◆ **WHAT YOU NEED TO DO**
Taking the entries below, transcribe only the lines starting with the one with "Victor Wanyama, Ben" and going on through the one with "As shown in", exactly as written, without the pictures.

◆ **THE INPUT**
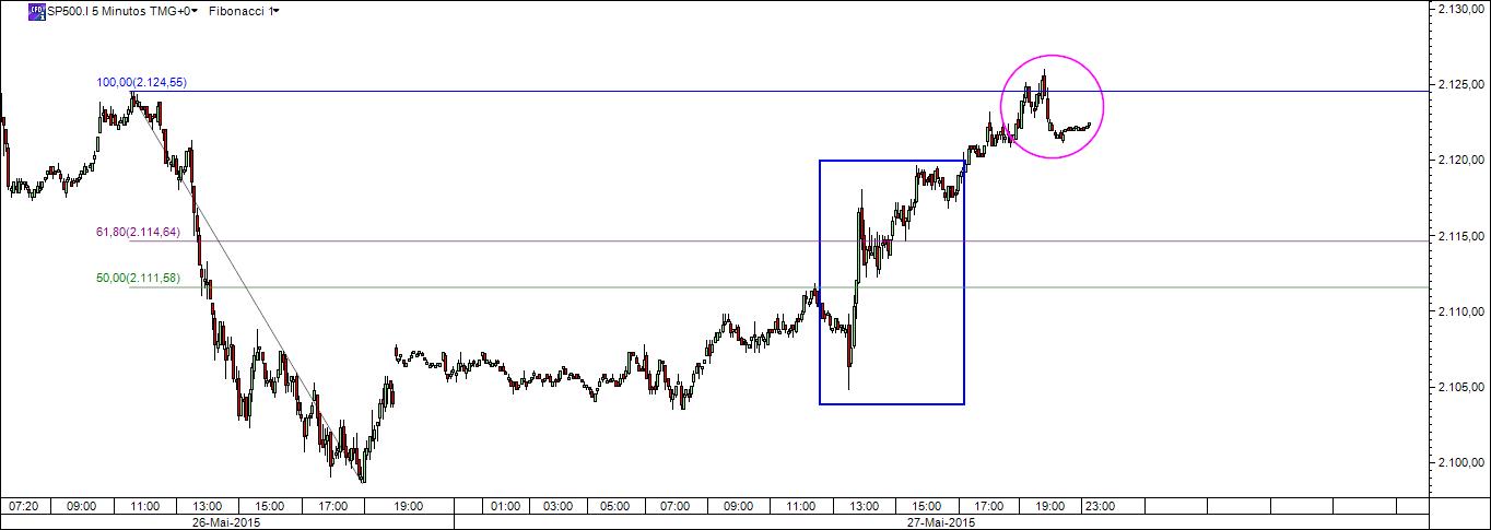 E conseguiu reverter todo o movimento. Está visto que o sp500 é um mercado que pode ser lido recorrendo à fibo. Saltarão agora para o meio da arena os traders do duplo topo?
* * *
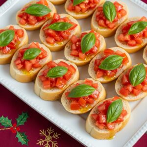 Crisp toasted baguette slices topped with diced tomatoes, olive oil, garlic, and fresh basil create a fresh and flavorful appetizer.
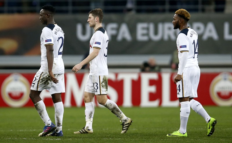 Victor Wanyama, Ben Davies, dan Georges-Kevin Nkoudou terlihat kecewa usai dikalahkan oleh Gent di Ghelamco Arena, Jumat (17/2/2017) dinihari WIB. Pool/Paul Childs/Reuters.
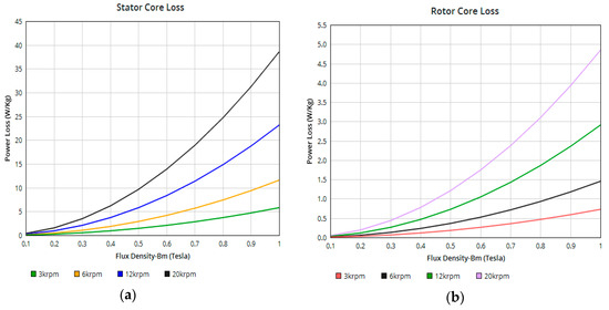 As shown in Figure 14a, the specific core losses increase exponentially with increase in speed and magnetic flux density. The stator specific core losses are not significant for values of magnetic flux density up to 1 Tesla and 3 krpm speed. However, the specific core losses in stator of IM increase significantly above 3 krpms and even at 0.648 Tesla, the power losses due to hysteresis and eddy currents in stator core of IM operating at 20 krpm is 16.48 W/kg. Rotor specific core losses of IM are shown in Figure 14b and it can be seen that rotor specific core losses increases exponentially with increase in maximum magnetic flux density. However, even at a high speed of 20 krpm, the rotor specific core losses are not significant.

◆ **ANSWER SECTION**
 Victor Wanyama, Ben Davies, dan Georges-Kevin Nkoudou terlihat kecewa usai dikalahkan oleh Gent di Ghelamco Arena, Jumat (17/2/2017) dinihari WIB. Pool/Paul Childs/Reuters.
 As shown in Figure 14a, the specific core losses increase exponentially with increase in speed and magnetic flux density. The stator specific core losses are not significant for values of magnetic flux density up to 1 Tesla and 3 krpm speed. However, the specific core losses in stator of IM increase significantly above 3 krpms and even at 0.648 Tesla, the power losses due to hysteresis and eddy currents in stator core of IM operating at 20 krpm is 16.48 W/kg. Rotor specific core losses of IM are shown in Figure 14b and it can be seen that rotor specific core losses increases exponentially with increase in maximum magnetic flux density. However, even at a high speed of 20 krpm, the rotor specific core losses are not significant.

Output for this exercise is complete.